Erik Beaston of Bleacher Report graded the show an A, saying "On paper, Dynasty was one of the best cards in AEW history. In execution, Dynasty had one of the best cards in AEW history. Whether AEW can build on the momentum remains to be seen. The company has had many great PPV offerings before, only to fall back into the same booking traps.

Phil Wheat of Nerdly gave the overall show a 4.5/5, saying "Just when you think AEW can’t do it better, they do. What can you really say about a PPV this good? Yes there are some low points – in particular the Jericho/Hook match (as you’ll hear from the fans in attendance) – but overall this was an amazing pay-per-view. Definitely an instant classic pay-per-view, Dynasty raised AEW out of the doldrums it has been in for a lot of 2024".

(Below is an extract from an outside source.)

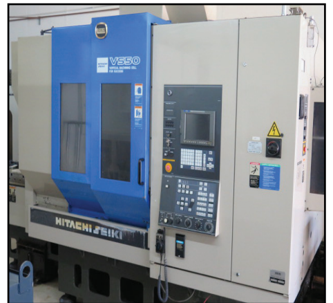
Hitachi Seiki VS50 2-Pallet CNC VMC w/ Secos Σ18M Controls, 30-Station ATC, CAT-40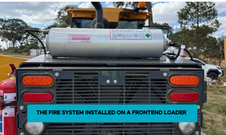
THE FIRE SYSTEM INSTALLED ON A FRONTEND LOADER

Ultimate Fire Suppression Systems provides advanced fire detection and suppression solutions, including sprinkler and mist systems, addressable and conventional detectors, and vehicle fire protection, ensuring compliance and safeguarding people, property, and infrastructure.

John Canton of TJR Wrestling.net gave the overall show an 8.25/10, saying "it was a very good show as usual for most AEW PPVs. Other than that, it was mostly just bell-to-bell action with a few title changes. I think most of the match results were predictable and I did pretty well in terms of picking the winners. A predictable show isn’t bad by any means. Just saying that there weren’t many surprises in terms of results or moments. Good job AEW and the St. Louis crowd was awesome too. I enjoyed the show".

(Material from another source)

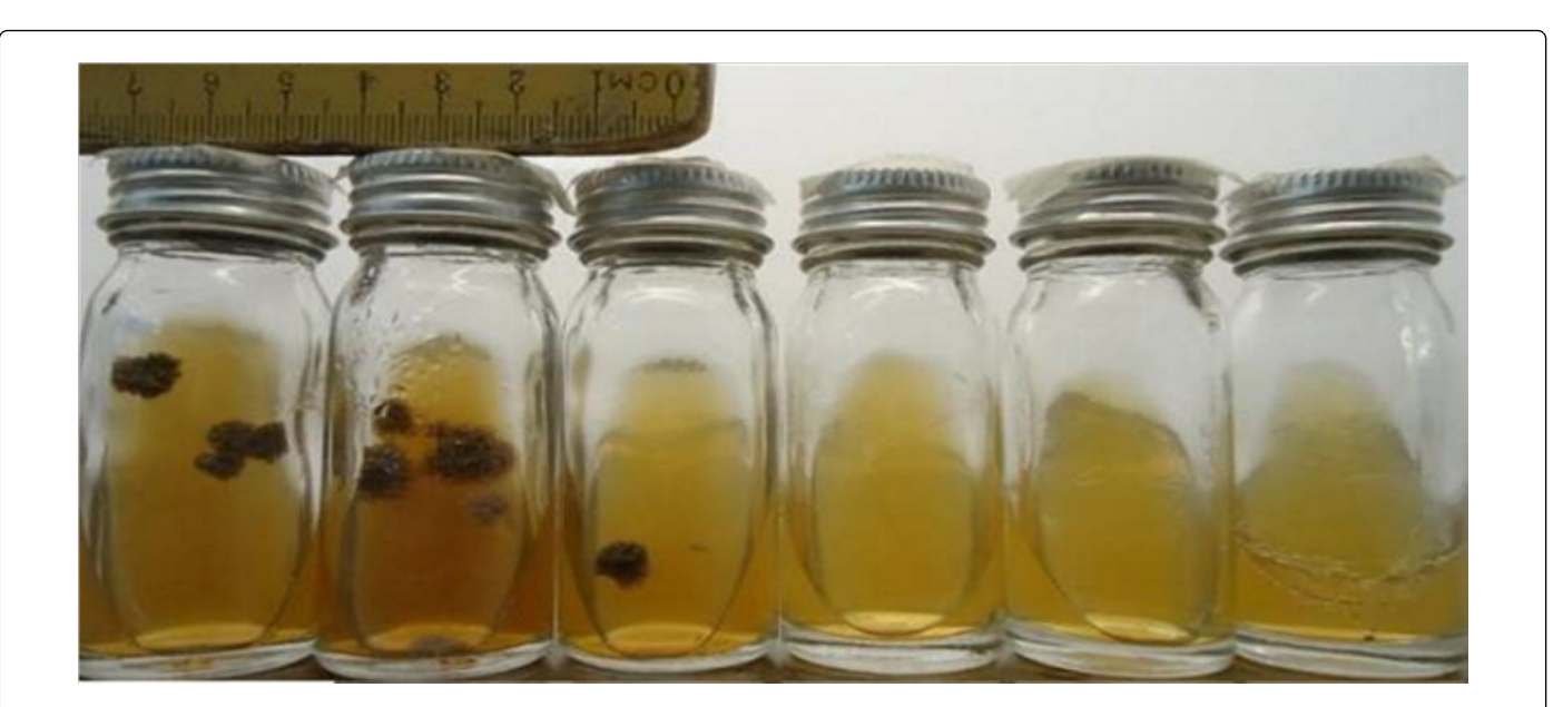
Figure 2: Result of the agar dilution assay of ketoconazole which indicates the minimum inhibitory concentration of the well-known antifungal drug ketoconazole that used for comparison for CMSE efficacy.

Table 1: Growth of HCF in different concentrations of C.molle seed extract and ketoconazole.

Michael Dworkis of The Pop Break simply said "Dynasty earns its own title for best PPV of the year thus far. Almost every match delivered something memorable. There was so much to become invested in, I can’t imagine any fan of wrestling dismissing what was one of the best lineups in recent history".

Wrestling journalist Dave Meltzer of the Wrestling Observer Newsletter rated the Ospreay vs. Danielson match six and a half stars—the second highest rating ever given after Kenny Omega and Kazuchika Okada's seven-star match at NJPW's Dominion 6.9 in Osaka-jo Hall in 2018—and described the match as "the second-best match [he's] ever seen". Meltzer also rated the Trent vs. Sydal match, the Cassidy and Shibata-STP bout and the FTW Championship match 3.25 stars, the Unification Trios Championship match 2.75 stars, the AEW Continental Championship 4.75 stars, HOB-Copeland, Mark and Kingston bout and the AEW Women's World Championship match 4.25 stars, the TBS Championship match 2 stars (the lowest rated match on the card), the AEW World Tag Team Championship ladder match 4.5 stars, and the main event 4.25 stars.

==Results==

| No. | Results | Stipulations | Times |
| 1^{P} | Trent Beretta defeated Matt Sydal (with Mike Sydal) by submission | Singles match | 8:00 |
| 2^{P} | Katsuyori Shibata and Orange Cassidy defeated Shane Taylor Promotions (Shane Taylor and Lee Moriarty) (with Anthony Ogogo) by pinfall | Tag team match | 12:40 |
| 3^{P} | Bullet Club Gold (Jay White, Austin Gunn, and Colten Gunn) (ROH) defeated The Acclaimed (Anthony Bowens, Max Caster, and Billy Gunn) (AEW) by pinfall | Winners Take All Title Unification match to "unify" the AEW World Trios Championship and ROH World Six-Man Tag Team Championship into the Unified World Trios Championship | 14:45 |
| 4 | Kazuchika Okada (c) defeated Pac by pinfall | Singles match for the AEW Continental Championship | 21:55 |
| 5 | House of Black (Malakai Black, Brody King, and Buddy Matthews) defeated Adam Copeland, Eddie Kingston, and Mark Briscoe by pinfall | Trios match | 17:45 |
| 6 | Willow Nightingale (with Stokely Hathaway) defeated Julia Hart (c) by pinfall | "House Rules" match for the AEW TBS Championship Willow's stipulation was that Skye Blue and Kris Statlander were barred from ringside. | 6:00 |
| 7 | Roderick Strong (c) defeated Kyle O'Reilly by pinfall | Singles match for the AEW International Championship | 17:20 |
| 8 | Chris Jericho defeated Hook (c) by pinfall | FTW Rules match for the FTW Championship | 16:35 |
| 9 | "Timeless" Toni Storm (c) (with Mariah May and Luther) defeated Thunder Rosa by pinfall | Singles match for the AEW Women's World Championship | 15:10 |
| 10 | Will Ospreay defeated Bryan Danielson by pinfall | Singles match | 32:40 |
| 11 | The Young Bucks (Matthew Jackson and Nicholas Jackson) defeated FTR (Dax Harwood and Cash Wheeler) | Tournament final Ladder match for the vacant AEW World Tag Team Championship | 21:35 |
| 12 | Swerve Strickland (with Prince Nana) defeated Samoa Joe (c) by pinfall | Singles match for the AEW World Championship | 18:00 |
| (c) | – the champion(s) heading into the match |
| P | – the match was broadcast on the pre-show |

=== AEW World Tag Team Championship Tournament ===
At the end of the 2024 Revolution event, AEW World Tag Team Champions Sting and Darby Allin vacated the tag titles due to Sting's retirement. During the post-show press conference, Tony Khan announced that a tournament would take place to determine new champions with two wild card matches taking place to determine which teams would enter the first round. The Infantry (Capt. Shawn Dean and Carlie Bravo) defeated House of Black (Buddy Matthews and Brody King) to win the first wildcard match, while Best Friends (Trent Beretta and Orange Cassidy) defeated The Don Callis Family (Kyle Fletcher and Powerhouse Hobbs) to win the second and final wildcard match.